[Raw data Boundary: Start]

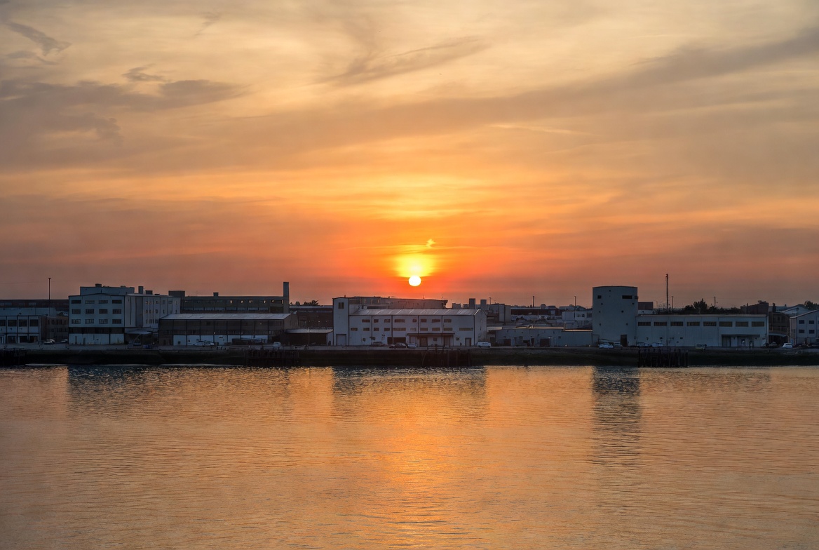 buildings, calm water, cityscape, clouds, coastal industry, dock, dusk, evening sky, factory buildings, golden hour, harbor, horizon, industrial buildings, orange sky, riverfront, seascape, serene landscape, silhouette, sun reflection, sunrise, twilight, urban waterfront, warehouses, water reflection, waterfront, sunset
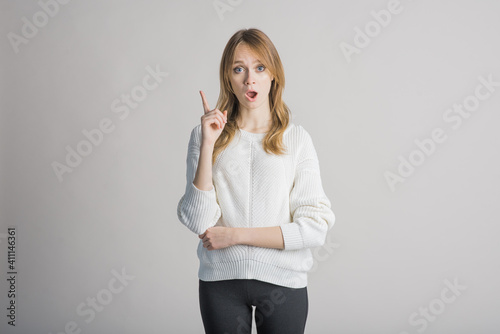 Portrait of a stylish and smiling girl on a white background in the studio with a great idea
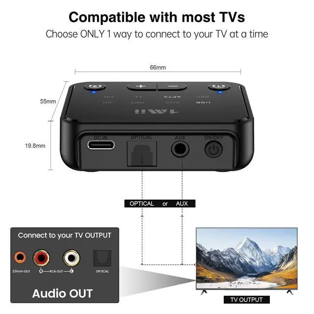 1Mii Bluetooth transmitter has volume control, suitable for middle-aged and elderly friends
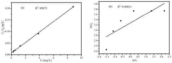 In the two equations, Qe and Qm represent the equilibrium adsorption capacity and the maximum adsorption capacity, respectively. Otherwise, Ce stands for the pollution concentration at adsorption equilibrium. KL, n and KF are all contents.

[Raw data Boundary: End]

Could you return the listing above exactly, minus its pictures?

 buildings, calm water, cityscape, clouds, coastal industry, dock, dusk, evening sky, factory buildings, golden hour, harbor, horizon, industrial buildings, orange sky, riverfront, seascape, serene landscape, silhouette, sun reflection, sunrise, twilight, urban waterfront, warehouses, water reflection, waterfront, sunset
 Portrait of a stylish and smiling girl on a white background in the studio with a great idea
 1Mii Bluetooth transmitter has volume control, suitable for middle-aged and elderly friends
 In the two equations, Qe and Qm represent the equilibrium adsorption capacity and the maximum adsorption capacity, respectively. Otherwise, Ce stands for the pollution concentration at adsorption equilibrium. KL, n and KF are all contents.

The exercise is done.